The Cross-centered Anti-justice Pandemic is No longer Exclusively a Reformed Thing
Apart from Calvinism, the redemptive historical cross-centered approach is crossing denominational lines en masse. We at TANC see doctrines that were born of Luther’s theology of the cross in non-Reformed circles constantly; specifically, heart theology (deep repentance), exclusive interpretation of the Scriptures through a redemptive prism, Gospel Sanctification, and John Piper’s Christian hedonism. And we also see the same results. It is not beyond the pale for a pastor who has raped a parishioner to be the one counseling the victim sinner. You know, the “sinner saved by grace.”
God is a God of justice, and throughout the Scriptures He demands that we be people of justice. He demands that we come to the defense of the victim. I close with fitting words from church historian John Immel:
And this is the challenge. This is the challenge that I have as a man who is passionate about thinking: to inspire people to engage in complex ideas that drive tyranny. So here’s my challenge to those who are listening.
Do not be seduced into believing that righteousness is retreat from the world.
Do not be seduced into believing that spirituality is defined by weakness and that timid caution for fear of committing potential error is a reason to be quiet.
Do not be intimidated by vague, hazy threats of failure.
Do not let yourself believe that faith is a license to irrationality. I’m going to say that again to you. This is good.

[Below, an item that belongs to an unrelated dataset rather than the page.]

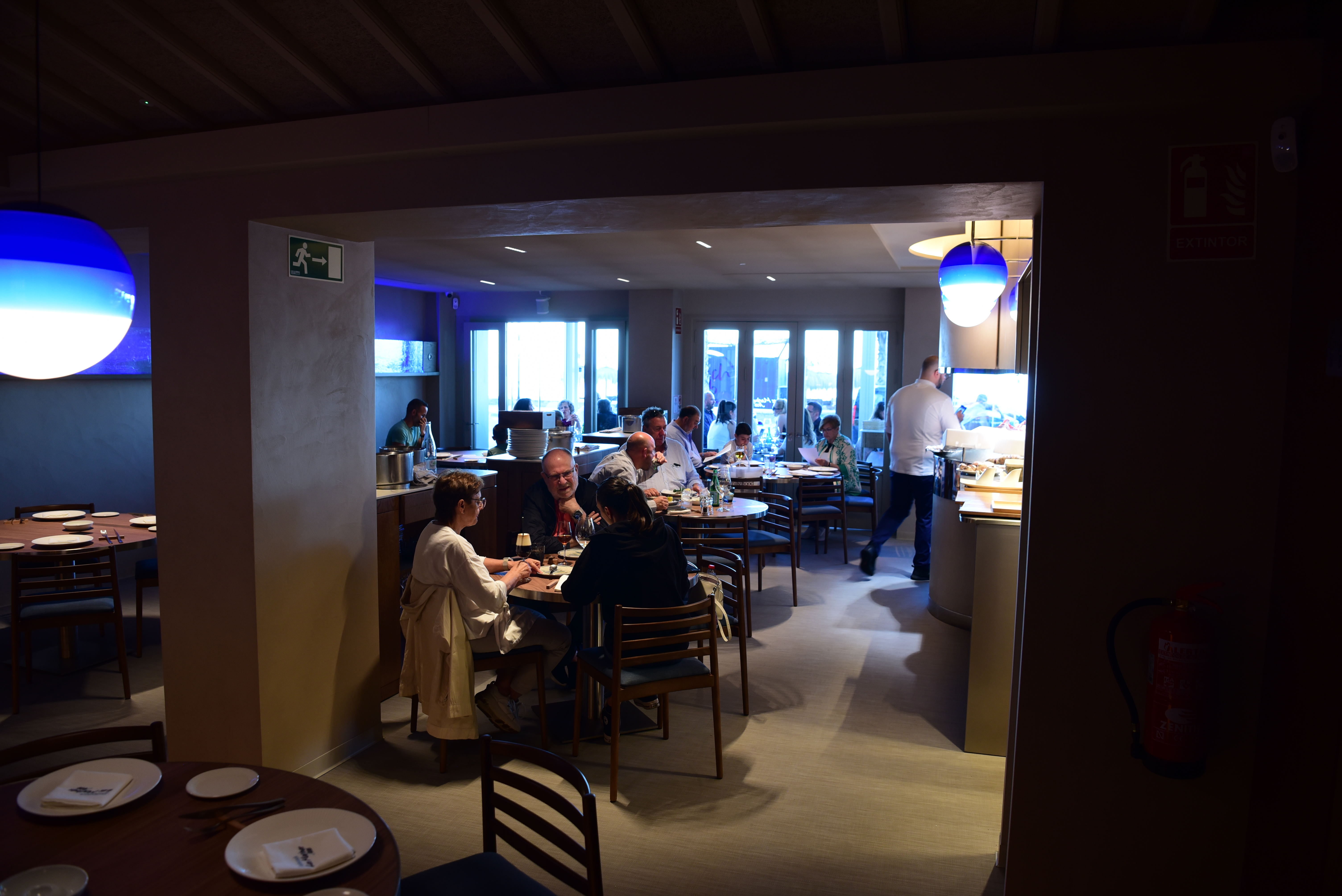 A l’intérieur, un comptoir, quelques tables hautes ou l’on commence a grignoter bien entendu quelques tapas, principalement des fruits de mer.

Do not let yourself believe that faith is a license to irrationality.
Do not mistake the simple nature of God’s love for a justification for simple-mindedness.
Do not deceive yourself with the polite notion that you are above the fray, that your right to believe is sufficient to the cause of righteousness. There is no more stunning conceit.

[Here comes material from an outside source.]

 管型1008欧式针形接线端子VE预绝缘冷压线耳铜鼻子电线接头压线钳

Do not pretend that your unwillingness to argue is the validation of truth.
Know this: Virtue in a vacuum is like the proverbial sound in the forest–irrelevant without a witness. Character is no private deed. To retreat is nothing more than a man closing his eyes and shutting his mouth to injustice.
Virtues are not estimates to be lofted gently against evil.
Virtues are not to be withheld from view in the name of grace.
Virtues are not to be politely swallowed in humble realization that we are all just sinners anyway.
Love is not a moral blank check against the endless tide of indulgent action.
Love is not blind to the cause and effect of reality.
Love is not indifference to plunder and injustice and servitude.
The time is now, you men of private virtue, to emerge from your fortress of solitude and demonstrate that you are worthy of a life that bears your name. The time is now, you men of private virtue, to answer Mick Jagger and all the nihilists that insist we are living on the edge and we cannot help but fall. It is time for you men of private virtue to take up the cause of human existence and think.
~TANC 2012 Conference on Gospel Discernment and Spiritual Tyranny: John Immel; session 1, “Assumptions + Logic = Action.”